Prisoner Abuse: Responses and Commentary

Prisoner Abuse: References and Resources for Media

May 22, 2004

Hello, November Coalition leaders, members, friends and prisoners:

I'm thinking about a lot of you today. As we see these images of Iraqi prisoners being sexually and physically abused, many are having difficulty dealing with emotions generated. Sleeplessness, nightmares, and handling life's stress in the usual ways, intrusive thoughts -- so take it easy on yourself.

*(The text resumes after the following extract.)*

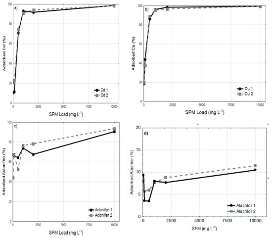 For a given volume of unfiltered river water, a greater abundance of SPM implies a greater quantity of available binding sites. A batch of experiments was therefore carried out to study the extent to which the suspended sediment load could influence the removal of the studied pollutants from the aqueous phase. The aim is to focus on the conditions that are likely to occur in the Save river. Results obtained are plotted in Figure 4. Adsorption percentages of dissolved Cd and Cu, Aclo and Ala as a function of SPM load, showed the same nonlinear patterns. One can note the considerable variability of adsorption extent within the range of low SPM loads (0–1000 mg L−1), before its rapid stabilization.

Some are remembering prison abuse, others recalling the abuse of loved ones. President Bush is unlikely to apologize to us so quickly. But, we ought to be aiming in that direction, perhaps. Clinton, and Bush Sr., Reagan and Carter ought to be in the picture somehow, too.

Find someone to talk to, if you are stressing out. We are bracing for the barrage of letters sure to come from the bowels of our nation's prisons, calling on extra volunteers to assist in categorizing, and sharing US prison abuse stories with fellow citizens of the world.

Stories are unlikely to remain confidential, and we know that retribution, retaliations are realities that stare hard, when we contemplate a crush of information.

It's going to come regardless - transparency and information. The president has prayerfully committed to it, I'm sure.

And likely a time that former prisoners, off paper, will step up to the plate.

According to Seymour M. Hersh with the New Yorker Magazine, May 10th, Torture at Abu Ghraib, Ivan L. "Chip" Frederick, II, one of the US soldiers in the terrifying photographs shown on 60 Minutes II, in early May, was the senior enlisted officer.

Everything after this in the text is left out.